### YOUR INSTRUCTIONS
Only the lines from the one with "Меглена Плугчиева - вицепремиер" to the end of the listing below should be set down, exactly as written and without any pictures.

### RECORDS SHOWN

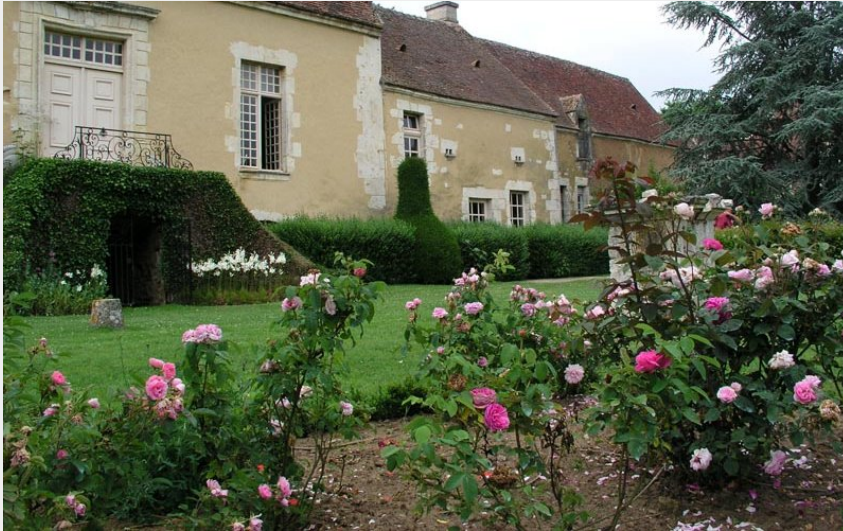
Jardins du Manoir du Pontgirard - Monceaux au Perche
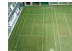
テニスコートの整備 (千代田三番町キャンパス)
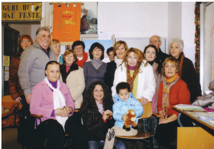
Foto di gruppo dei volontari Fevoss di Castel d'Azzano.

Nella sede di Castel d'Azzano, aperta tre volte alla settimana, vengono svolte attività mirate alla prevenzione e al superamento di problematiche di carattere socio-sanitario, mentre si organizzano visite domiciliari a persone sole e/o in difficoltà.
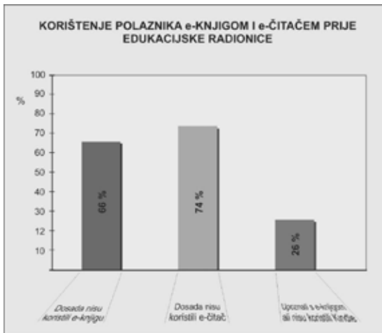
Slika 2. Iskustva polaznika u korištenju elektroničke knjige i elektroničkog čitača

Analizom anketnih upitnika nakon provedene pouke, svi su pohvalili mogućnost korištenja elektroničkog čitača u knjižnici i smatraju da su radionice korisne, a većina (93 posto) je zainteresirana za mogućnost posuđivanja elektroničkih knjiga. Ipak, 25 posto polaznika smatra da ne bi posudili elektronički čitač umjesto papirnate knjige.
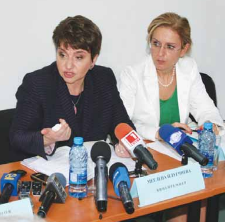
Меглена Плугчиева - вицепремиер и Боряна Пенчева от Министерството на финансите

на управление трябва да бъде така променен, че процесът да може да тече много по-бързо. Тя смята, че е необходимо част от пълномощията да бъдат свалени на долу, по места, защото тази централизация в София прави лошо впечатление в Брюксел. „Ние се различаваме от всички други страни членки в това отношение. Хората по места реално не могат да участват в процеса“, изтъкна вицепремиерът и подчерта, че такава е практиката в повечето европейски страни, като посочи за пример Австрия. Според нея трябва да се наблегне
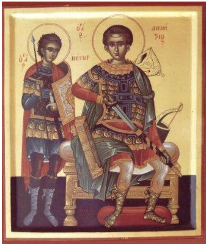
Ο Άγιος Δημήτριος μαζί με τον Άγιο Νέστωρ
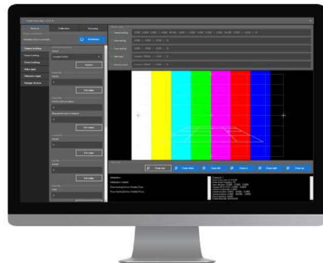
PRIZM SE V 2.24.0525

начало и направление осей системы координат
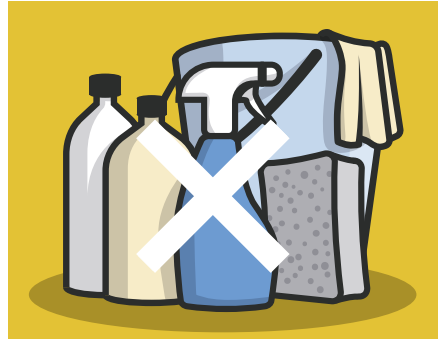
Schoonmaakmiddelen, poets- of glansmiddelen en geprepareerde doekjes mogen niet worden gebruikt.

### SOLUTION
Меглена Плугчиева - вицепремиер и Боряна Пенчева от Министерството на финансите

на управление трябва да бъде така променен, че процесът да може да тече много по-бързо. Тя смята, че е необходимо част от пълномощията да бъдат свалени на долу, по места, защото тази централизация в София прави лошо впечатление в Брюксел. „Ние се различаваме от всички други страни членки в това отношение. Хората по места реално не могат да участват в процеса“, изтъкна вицепремиерът и подчерта, че такава е практиката в повечето европейски страни, като посочи за пример Австрия. Според нея трябва да се наблегне
Ο Άγιος Δημήτριος μαζί με τον Άγιο Νέστωρ
PRIZM SE V 2.24.0525

начало и направление осей системы координат
Schoonmaakmiddelen, poets- of glansmiddelen en geprepareerde doekjes mogen niet worden gebruikt.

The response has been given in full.